Les conséquences de cette situation inédite qui semble ébranler nos sociétés sont sans doute encore à découvrir. Par contre, nous savons d’expérience que le lien du public avec un théâtre est très fragile et qu’il se construit sur la durée ; il est dans la politique bien comprise de chaque théâtre d’y prêter une attention redoublée afin de garantir fréquentation et renouvellement. Rien n’est naturel ou acquis en la matière. Que ce lien soit subitement rompu ou abimé, et le théâtre de courir un grand risque. Ces derniers mois, les gens ont manifesté souffert de ne pouvoir aller faire leurs courses normalement, de ne pouvoir se rencontrer, manger au restaurant ou prendre un verre… mais, à part quelques mordus (qui ne font pas le public), il ne me semble pas avoir perçu dans la population l’expression d’une frustration majeure face à la fermeture des théâtres. On voit surgir des matchs clandestins de football, pas des représentations clandestines d’opéras. Ne serait-on pas tentés de dire que cela renseigne sur la place que tient cet art dans la société contemporaine ? Pourtant – tout cela est bien irrationnel j’en conviens – je tiens ce constat pour un peu hâtif et partage la conviction que c’est ce qu’il y a de plus « archaïque » dans l’opéra qui le sauvera, son langage en apparence « simplificateur » qui lui permet de toucher à la complexité des choses, et cette proximité d’un temps et d’un espace qui se rejoignent dans une expérience poétique qui contient la garantie de sa survie, pourvu qu’il sache respirer avec son époque.
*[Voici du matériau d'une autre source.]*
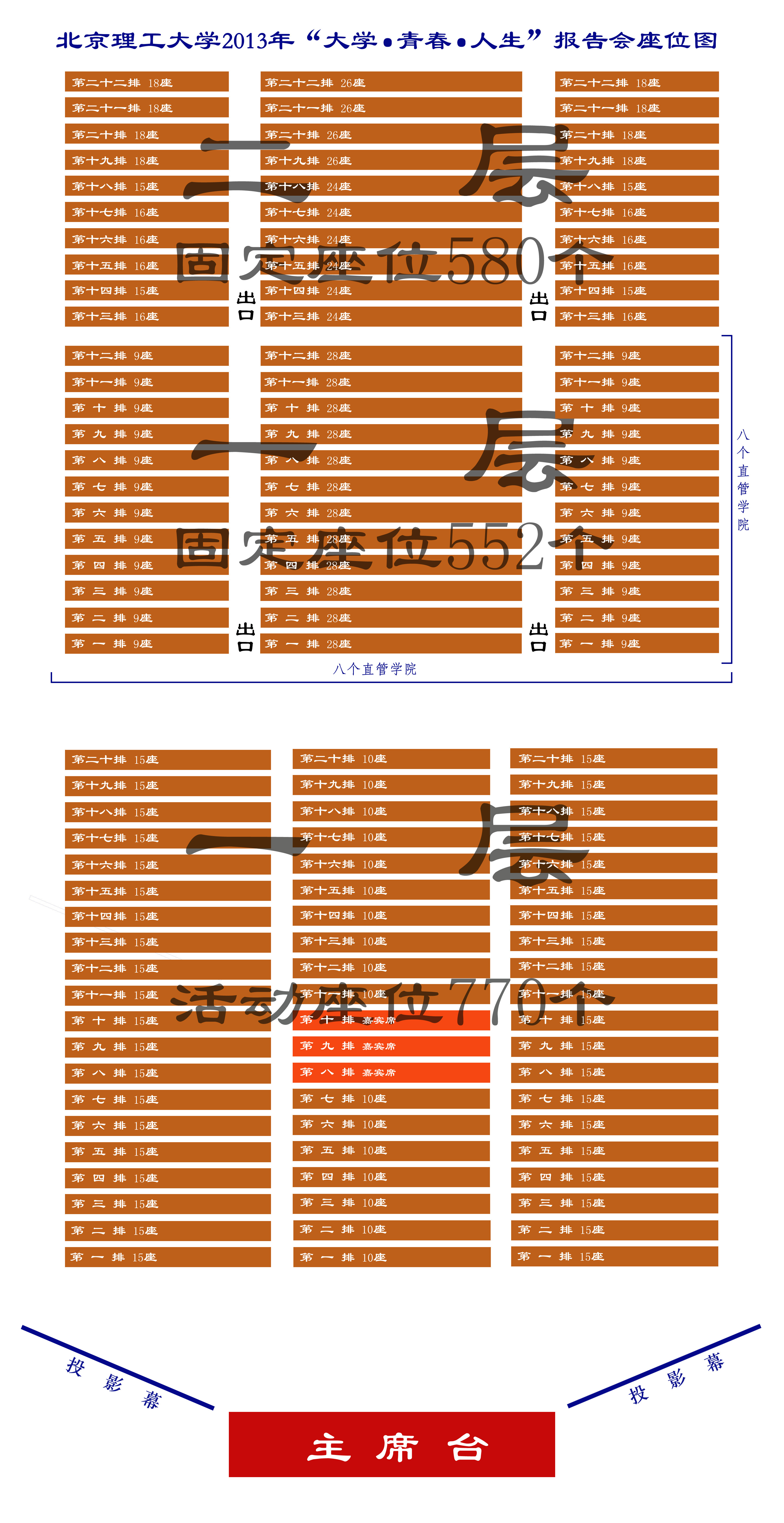 附件為座位安排表,一層固定座位區為八個直管學院的學生(現場有詳細學院分區圖并有專人引導),一層活動座位區及二層固定座位區為基礎教育學院的學生。八個直管學院的座位區現場將按學院劃分區域,基礎教育學院內部協調其場地位置和人數。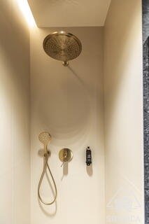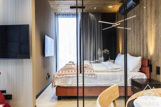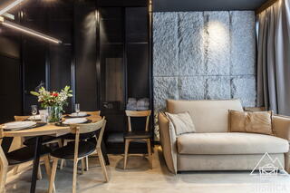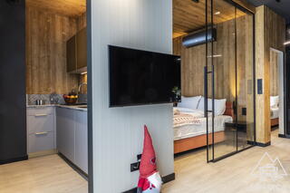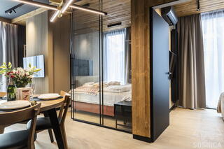 The living area includes an elegant living room with a comfortable sofa and a dining area. The kitchenette has been functionally designed, allowing for the convenience of preparing meals for both short and long stays. A modern bathroom, finished to a high standard, completes the overall experience, offering comfort and aesthetics comparable to those found in a hotel.

On ne fera pas l’économie de la question de la création et du répertoire. Il fut un temps pas si lointain où tous les compositeurs qui constituent aujourd’hui le répertoire remplissaient les affiches de la création. A quand un théâtre dédié à la production d’opéras contemporains ? Ce pourrait être un des missions de l’Opéra-Comique... mission qu’il a rempli des décennies entières par le passé. Je vois déjà la grimace de certains ! Alors vient la deuxième partie de la phrase : « …d’opéras contemporains », en d’autres termes d’œuvres confiées à des compositeurs et des équipes artistiques qui caressent le désir de dire l’histoire et la sensibilité contemporaines sans oublier de célébrer la voix et de concourir à cet évènement spectaculaire et source d’émotions puissantes et renouvelées qu’est sa profération poétique devant un public.